The rentcle concept is a simple one. It is a system where the property owner can let it out to a tenant, called rentcle, for the time it takes to clear a lease. With rentcle, not only does the property owner get to avoid foreclosure, but he also gets to have a nice monthly income. However, do they work? And how do they work in your situation?
Rentcle has proven to be an effective rent suppression method for some investors in commercial real estate. A rentcle agreement is entered into with a tenant that agrees to pay rent and avoid foreclosure. In this case, it is almost impossible for the tenant to pay back the rent and reclaim the house, and rentcle offers them the opportunity to rent back the home or apartment at market value through a short sale process.

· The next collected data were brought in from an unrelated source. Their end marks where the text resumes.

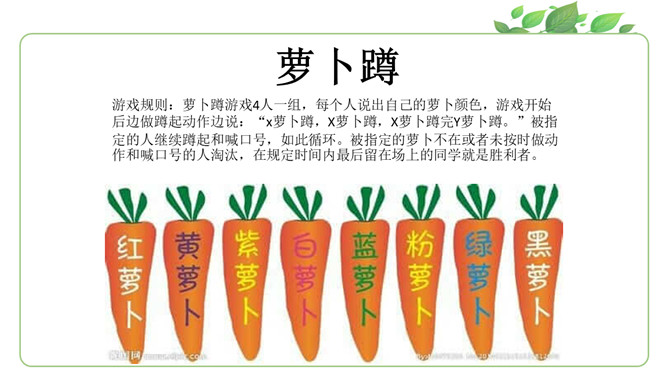 萝卜蹲游戏规则:萝卜蹲游戏4人一组,每个人说出自己的萝卜颜色,游戏开始后边做蹲起动作边说:“x萝卜蹲,X萝卜蹲,X萝卜蹲完Y萝卜蹲。”被指定的人继续蹲起和喊口号,如此循环。被指定的萝卜不在或者未按时做动作和喊口号的人淘汰,在规定时间内最后留在场上的同学就是胜利者。所属专题:课间十分钟ppt。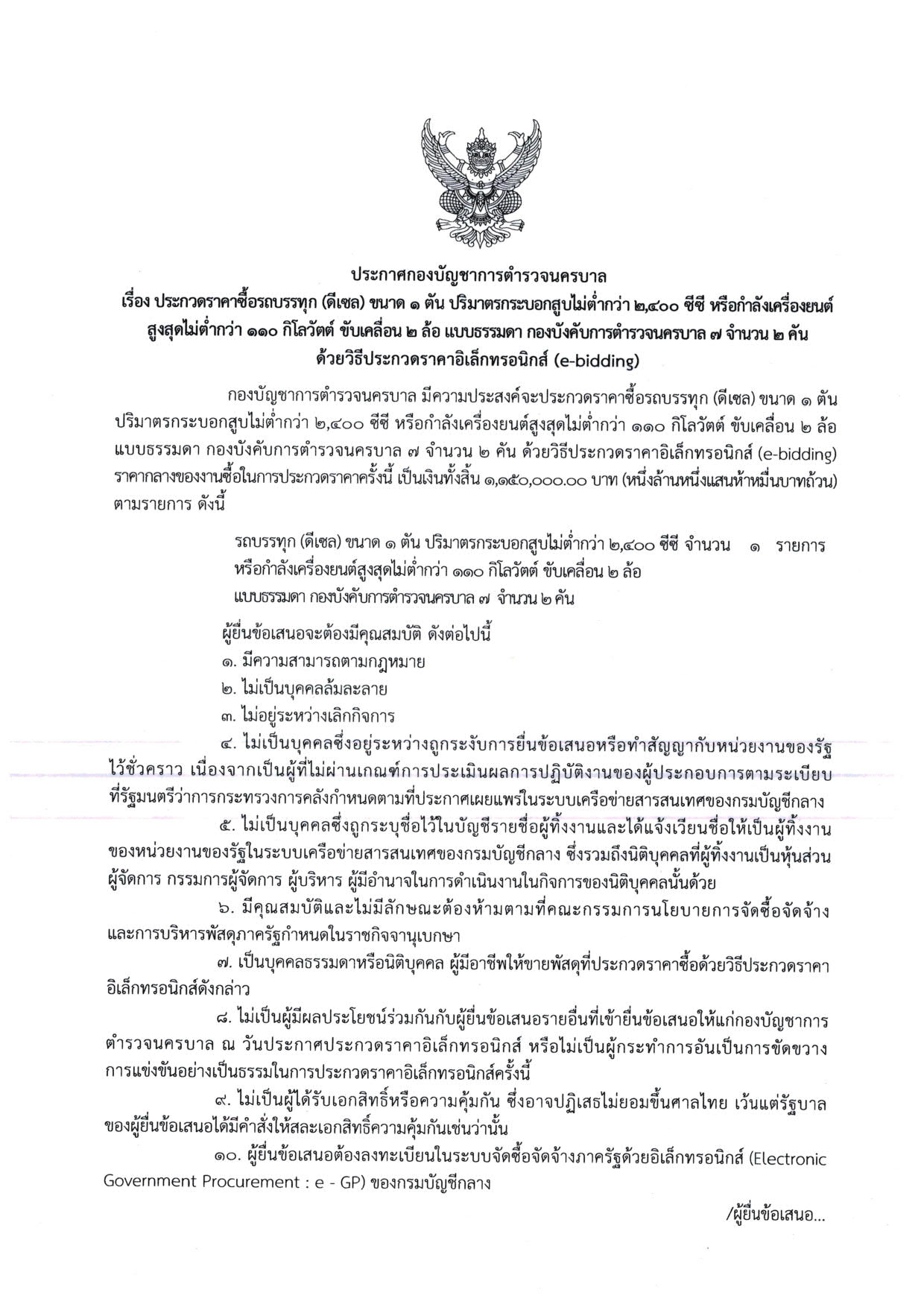 เผยแพร่ประกาศประกวดราคา เอกสารประกวดราคา ขอบเขตของงาน และเอกสารราคากลาง รายการจัดซื้อรถบรรทุก (ดีเซล) ขนาด 1 ตัน ปริมาตรกระบอกสูบไม่ต่ำกว่า 2,400 ซีซี หรือกำลังเครื่องยนต์สูงสุดไม่ต่ำกว่า 110 กิโลวัตต์ ขับเคลื่อน 2 ล้อ แบบธรรมดา บก.น.7 จำนวน 2 คัน โดยวิธีการประกวดราคาอิเล็กทรอนิกส์ (e-bidding)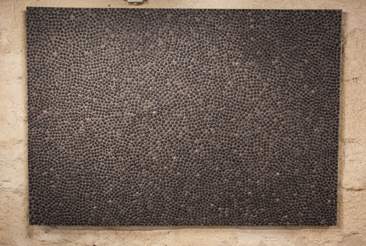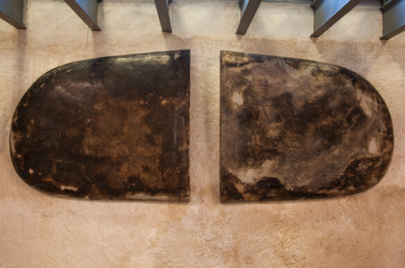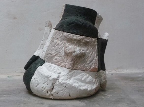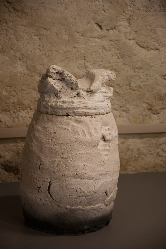 La muestra tiene el título de “Primary”, y ciertamente son, en el mejor de los sentidos, “primarias” las sensaciones que nos provoca la obra de Eukeni al contemplarlas por vez primera. Nos atraen sin saber muy bien por qué. Sin embargo, es esta una sensación breve, ya que pronto comenzamos a distinguir las diferentes capas o estratos que muestra su trabajo: por un lado la superficie, lo visible, que nos atrae por la fuerza de sus texturas, juegos de diferentes tipos de pastas cerámicas, rasgos característicos de la cocción; también las poderosas formas en combinación con la escala de las piezas, como es el caso de la pieza blanca de carácter, al menos conceptualmente, “funcional”: un bote con tapa de 70 cm de alto.

How does rentcle work? The answer is simple. Once a tenant signs a rentcle agreement with the property owner, the house or apartment is put into a short sale escrow account. The escrow company handles the foreclosure proceedings, selling the house at a trustee sale to the highest bidder on the day of the auction if there are no buyers, and holding the deed in escrow until the house or apartment sells at a public foreclosure auction.
During the time the property is going through this process, rent collection can take place. This is done by sending rent payments to the owner of the property. If no money is collected, or the amount of rent collected is not enough to cover the balance due on the mortgage, the property will go into foreclosure and the rent back company will hold the deed to the house until the full mortgage amount has been paid. At that time, the owner can sell the property back to the rent back investor. The investor then becomes the new owner and responsible for paying back the mortgage.
Some investors may choose to hold onto the property for just a few months and rent it back later when the property is up for sale. However, some investors will put their houses in rent back facilities for as long as three years. They may have to pay a small fee for rent but at the end of the agreement they can buy back the house. It all depends on the amount of rent the investor is willing to pay.
How does RentCLE work? First, any missed payments on the property are added to the principal amount due on the principal. Interest is added on to the principal as well. Then, each month that the property is in the rent back program, the total principal amount due is decreased (since the investors own the property). Payments are sent to the address provided by the investor when rent is due.
There are two ways to qualify for RentCLE. First, you must be a homeowner (the property owner). Second, you can also be a non-homeowner who lives in the house but needs to rent it out (a subtenant). Either way, you are still investing in your house and taking advantage of the lower rates. If you have either a credit or mortgage history, it won’t matter because RentCLE doesn’t consider either one when determining your eligibility because it is not a credit or mortgage facility.
The nice thing about RentCLE is that you don’t have to worry about the property going to waste if you don’t pay rent. Your property is safe and you will have a monthly income (rent) that you can use to buy back your home when the time comes. It’s an easy way to get your house rent paid while still investing in yourself and your property.